**Work required:** An exact copy of all entries is required.

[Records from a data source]

*** Begin section ***

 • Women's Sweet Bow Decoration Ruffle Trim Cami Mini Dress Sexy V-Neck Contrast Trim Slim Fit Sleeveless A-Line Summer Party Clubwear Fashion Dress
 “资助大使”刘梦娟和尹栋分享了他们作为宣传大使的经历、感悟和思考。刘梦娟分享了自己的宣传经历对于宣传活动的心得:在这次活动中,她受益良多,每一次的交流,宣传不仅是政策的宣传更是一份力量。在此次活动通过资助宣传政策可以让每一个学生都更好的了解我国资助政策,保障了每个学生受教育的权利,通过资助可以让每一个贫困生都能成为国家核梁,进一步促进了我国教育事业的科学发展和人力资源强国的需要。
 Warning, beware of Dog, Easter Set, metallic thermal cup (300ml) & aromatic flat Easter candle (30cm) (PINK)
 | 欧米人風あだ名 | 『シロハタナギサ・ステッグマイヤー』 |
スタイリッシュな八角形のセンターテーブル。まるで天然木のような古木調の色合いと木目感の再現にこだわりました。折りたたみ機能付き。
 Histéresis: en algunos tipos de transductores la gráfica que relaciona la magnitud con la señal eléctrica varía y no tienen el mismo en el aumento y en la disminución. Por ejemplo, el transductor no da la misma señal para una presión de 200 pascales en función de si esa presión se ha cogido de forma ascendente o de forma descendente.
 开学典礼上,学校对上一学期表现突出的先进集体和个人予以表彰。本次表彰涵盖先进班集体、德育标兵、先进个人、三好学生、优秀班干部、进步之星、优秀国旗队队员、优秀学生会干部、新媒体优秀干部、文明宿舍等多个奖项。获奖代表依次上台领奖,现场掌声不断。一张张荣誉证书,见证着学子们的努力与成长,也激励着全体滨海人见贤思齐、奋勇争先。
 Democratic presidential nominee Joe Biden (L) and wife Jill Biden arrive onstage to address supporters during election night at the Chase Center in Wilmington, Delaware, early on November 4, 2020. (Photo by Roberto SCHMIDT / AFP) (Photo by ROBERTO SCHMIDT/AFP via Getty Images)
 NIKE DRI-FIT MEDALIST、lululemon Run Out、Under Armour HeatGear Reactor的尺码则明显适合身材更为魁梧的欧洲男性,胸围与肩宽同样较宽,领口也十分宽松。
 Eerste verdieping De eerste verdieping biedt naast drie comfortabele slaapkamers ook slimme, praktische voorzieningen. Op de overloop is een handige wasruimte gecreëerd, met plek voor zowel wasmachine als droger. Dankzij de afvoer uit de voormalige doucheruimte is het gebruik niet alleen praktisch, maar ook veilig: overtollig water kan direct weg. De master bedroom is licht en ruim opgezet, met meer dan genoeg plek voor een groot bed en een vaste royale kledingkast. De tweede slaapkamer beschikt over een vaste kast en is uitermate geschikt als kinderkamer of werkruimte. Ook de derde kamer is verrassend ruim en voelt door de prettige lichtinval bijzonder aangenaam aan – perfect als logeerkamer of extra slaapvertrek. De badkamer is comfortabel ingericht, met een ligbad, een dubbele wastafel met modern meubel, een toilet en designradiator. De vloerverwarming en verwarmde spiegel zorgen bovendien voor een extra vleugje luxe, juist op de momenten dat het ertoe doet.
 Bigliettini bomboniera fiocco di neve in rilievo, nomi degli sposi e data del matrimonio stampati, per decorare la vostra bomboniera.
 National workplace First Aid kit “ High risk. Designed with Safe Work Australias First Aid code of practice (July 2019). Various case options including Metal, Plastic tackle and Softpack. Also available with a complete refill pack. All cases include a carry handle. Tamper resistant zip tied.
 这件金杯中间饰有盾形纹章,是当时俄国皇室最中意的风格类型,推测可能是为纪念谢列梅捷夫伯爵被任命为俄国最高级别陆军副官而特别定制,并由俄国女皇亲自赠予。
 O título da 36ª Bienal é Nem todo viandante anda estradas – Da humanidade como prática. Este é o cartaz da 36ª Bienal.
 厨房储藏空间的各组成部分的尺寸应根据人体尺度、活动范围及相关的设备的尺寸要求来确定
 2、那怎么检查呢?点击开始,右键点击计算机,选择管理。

*** End section ***

**Solution to the exercise:**
 • Women's Sweet Bow Decoration Ruffle Trim Cami Mini Dress Sexy V-Neck Contrast Trim Slim Fit Sleeveless A-Line Summer Party Clubwear Fashion Dress
 “资助大使”刘梦娟和尹栋分享了他们作为宣传大使的经历、感悟和思考。刘梦娟分享了自己的宣传经历对于宣传活动的心得:在这次活动中,她受益良多,每一次的交流,宣传不仅是政策的宣传更是一份力量。在此次活动通过资助宣传政策可以让每一个学生都更好的了解我国资助政策,保障了每个学生受教育的权利,通过资助可以让每一个贫困生都能成为国家核梁,进一步促进了我国教育事业的科学发展和人力资源强国的需要。
 Warning, beware of Dog, Easter Set, metallic thermal cup (300ml) & aromatic flat Easter candle (30cm) (PINK)
 | 欧米人風あだ名 | 『シロハタナギサ・ステッグマイヤー』 |
スタイリッシュな八角形のセンターテーブル。まるで天然木のような古木調の色合いと木目感の再現にこだわりました。折りたたみ機能付き。
 Histéresis: en algunos tipos de transductores la gráfica que relaciona la magnitud con la señal eléctrica varía y no tienen el mismo en el aumento y en la disminución. Por ejemplo, el transductor no da la misma señal para una presión de 200 pascales en función de si esa presión se ha cogido de forma ascendente o de forma descendente.
 开学典礼上,学校对上一学期表现突出的先进集体和个人予以表彰。本次表彰涵盖先进班集体、德育标兵、先进个人、三好学生、优秀班干部、进步之星、优秀国旗队队员、优秀学生会干部、新媒体优秀干部、文明宿舍等多个奖项。获奖代表依次上台领奖,现场掌声不断。一张张荣誉证书,见证着学子们的努力与成长,也激励着全体滨海人见贤思齐、奋勇争先。
 Democratic presidential nominee Joe Biden (L) and wife Jill Biden arrive onstage to address supporters during election night at the Chase Center in Wilmington, Delaware, early on November 4, 2020. (Photo by Roberto SCHMIDT / AFP) (Photo by ROBERTO SCHMIDT/AFP via Getty Images)
 NIKE DRI-FIT MEDALIST、lululemon Run Out、Under Armour HeatGear Reactor的尺码则明显适合身材更为魁梧的欧洲男性,胸围与肩宽同样较宽,领口也十分宽松。
 Eerste verdieping De eerste verdieping biedt naast drie comfortabele slaapkamers ook slimme, praktische voorzieningen. Op de overloop is een handige wasruimte gecreëerd, met plek voor zowel wasmachine als droger. Dankzij de afvoer uit de voormalige doucheruimte is het gebruik niet alleen praktisch, maar ook veilig: overtollig water kan direct weg. De master bedroom is licht en ruim opgezet, met meer dan genoeg plek voor een groot bed en een vaste royale kledingkast. De tweede slaapkamer beschikt over een vaste kast en is uitermate geschikt als kinderkamer of werkruimte. Ook de derde kamer is verrassend ruim en voelt door de prettige lichtinval bijzonder aangenaam aan – perfect als logeerkamer of extra slaapvertrek. De badkamer is comfortabel ingericht, met een ligbad, een dubbele wastafel met modern meubel, een toilet en designradiator. De vloerverwarming en verwarmde spiegel zorgen bovendien voor een extra vleugje luxe, juist op de momenten dat het ertoe doet.
 Bigliettini bomboniera fiocco di neve in rilievo, nomi degli sposi e data del matrimonio stampati, per decorare la vostra bomboniera.
 National workplace First Aid kit “ High risk. Designed with Safe Work Australias First Aid code of practice (July 2019). Various case options including Metal, Plastic tackle and Softpack. Also available with a complete refill pack. All cases include a carry handle. Tamper resistant zip tied.
 这件金杯中间饰有盾形纹章,是当时俄国皇室最中意的风格类型,推测可能是为纪念谢列梅捷夫伯爵被任命为俄国最高级别陆军副官而特别定制,并由俄国女皇亲自赠予。
 O título da 36ª Bienal é Nem todo viandante anda estradas – Da humanidade como prática. Este é o cartaz da 36ª Bienal.
 厨房储藏空间的各组成部分的尺寸应根据人体尺度、活动范围及相关的设备的尺寸要求来确定
 2、那怎么检查呢?点击开始,右键点击计算机,选择管理。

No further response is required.